Analysts who use MFR tests to evaluate nylons run into some significant problems. While MFR is used as an indicator of relative average molecular weight in many materials like polycarbonate and polypropylene, few nylon suppliers list MFR values for their materials. The reason again has to do with the unusual relationship between nylon and water. Unfilled nylon is considered to be dry at moisture contents between zero and .20%. This is unusual. Most polymers that are dried need to have moisture contents below .10% and for many of the more critical polymers the upper limit is .02%. Therefore, for most materials, the range of allowable moisture content values is quite small, but for nylon it is relatively large.

In addition, because water acts as a plasticizer in nylon, the moisture content has a significant effect on the measured MFR of the material. The table above shows this effect on an unfilled nylon 6. At .20% the MFR of the material is nearly 40% higher than it is at .04%. This makes it difficult to detect polymer degradation because a change in moisture content can either mask or accentuate a difference in molecular weight.

There are ways around this. One is to be sure that whenever products are being compared to each other, they are all dried to approximately the same moisture content. This can be done, but it requires that the moisture content of each sample be verified at the time the MFR tests are performed. And since more than 95% of the devices called moisture analyzers used in the industry today do not actually measure moisture, this is a difficult proposition for most manufacturers.

Another solution is to establish a calibration curve between moisture content and MFR. Figure 3 shows the graphical relationship contained in the table. MFR changes with moisture content in an approximately linear manner; therefore, the math behind a correction factor is fairly simple. A convenient benchmark might be to normalize all the raw data to a moisture content of 1000 ppm (.10%). This does not relieve us of the responsibility of making an accurate moisture content measurement, but it does allow us to directly compare results from samples with widely varying moisture levels as long as they are all dry.

Don’t mask it, fix it

All of this is just too much work for most people. Therefore, in many cases the average molecular weight of nylon is measured using a property known as relative viscosity. This removes the need to control and measure moisture content because the sample is tested at room temperature where no breakdown of the polymer can occur due to the presence of water.

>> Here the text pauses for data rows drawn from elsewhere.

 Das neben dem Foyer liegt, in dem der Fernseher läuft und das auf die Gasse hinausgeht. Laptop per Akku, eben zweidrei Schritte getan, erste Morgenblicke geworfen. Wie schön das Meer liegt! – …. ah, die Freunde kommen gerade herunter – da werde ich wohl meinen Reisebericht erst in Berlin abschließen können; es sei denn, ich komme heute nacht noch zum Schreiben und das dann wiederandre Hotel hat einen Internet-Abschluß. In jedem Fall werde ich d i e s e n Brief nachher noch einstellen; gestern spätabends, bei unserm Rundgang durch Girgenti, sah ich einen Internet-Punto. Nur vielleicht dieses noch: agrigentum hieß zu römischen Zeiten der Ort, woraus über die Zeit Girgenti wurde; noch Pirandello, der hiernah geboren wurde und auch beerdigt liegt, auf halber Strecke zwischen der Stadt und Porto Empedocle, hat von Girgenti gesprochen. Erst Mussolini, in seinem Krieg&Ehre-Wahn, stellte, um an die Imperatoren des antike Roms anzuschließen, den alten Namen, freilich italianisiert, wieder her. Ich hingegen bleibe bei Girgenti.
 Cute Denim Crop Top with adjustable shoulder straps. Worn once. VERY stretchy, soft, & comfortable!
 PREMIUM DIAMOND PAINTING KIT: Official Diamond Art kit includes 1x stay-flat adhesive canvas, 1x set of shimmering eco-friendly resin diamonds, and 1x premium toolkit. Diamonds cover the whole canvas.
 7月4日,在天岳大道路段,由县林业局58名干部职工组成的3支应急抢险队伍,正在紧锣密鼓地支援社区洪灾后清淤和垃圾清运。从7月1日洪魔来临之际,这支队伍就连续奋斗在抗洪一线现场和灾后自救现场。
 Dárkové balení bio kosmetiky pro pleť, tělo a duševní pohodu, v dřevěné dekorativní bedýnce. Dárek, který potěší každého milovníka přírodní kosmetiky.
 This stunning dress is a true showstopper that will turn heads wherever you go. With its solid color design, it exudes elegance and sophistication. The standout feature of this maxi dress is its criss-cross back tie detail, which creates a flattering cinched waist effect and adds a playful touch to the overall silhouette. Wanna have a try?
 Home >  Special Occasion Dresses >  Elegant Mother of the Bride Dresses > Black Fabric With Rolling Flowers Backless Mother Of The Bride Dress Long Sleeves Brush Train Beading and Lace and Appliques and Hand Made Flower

However, it also involves dissolving the sample in formic acid, an activity not for the faint of heart and therefore seldom attempted by processors. And while this is often the preferred technique for evaluating the molecular weight of nylon polymers, you seldom find the value for relative viscosity on the data sheet.

But whatever choice is made for evaluating the molecular weight of the polymer, a check for polymer degradation must be a consideration before water is added to a nylon product to correct for brittle behavior. Otherwise, there is the risk that the added moisture will simply mask a bigger problem that will be part of the part’s property profile for the life of the product. In cases where the polymer is degraded, this lifetime may be shorter than expected.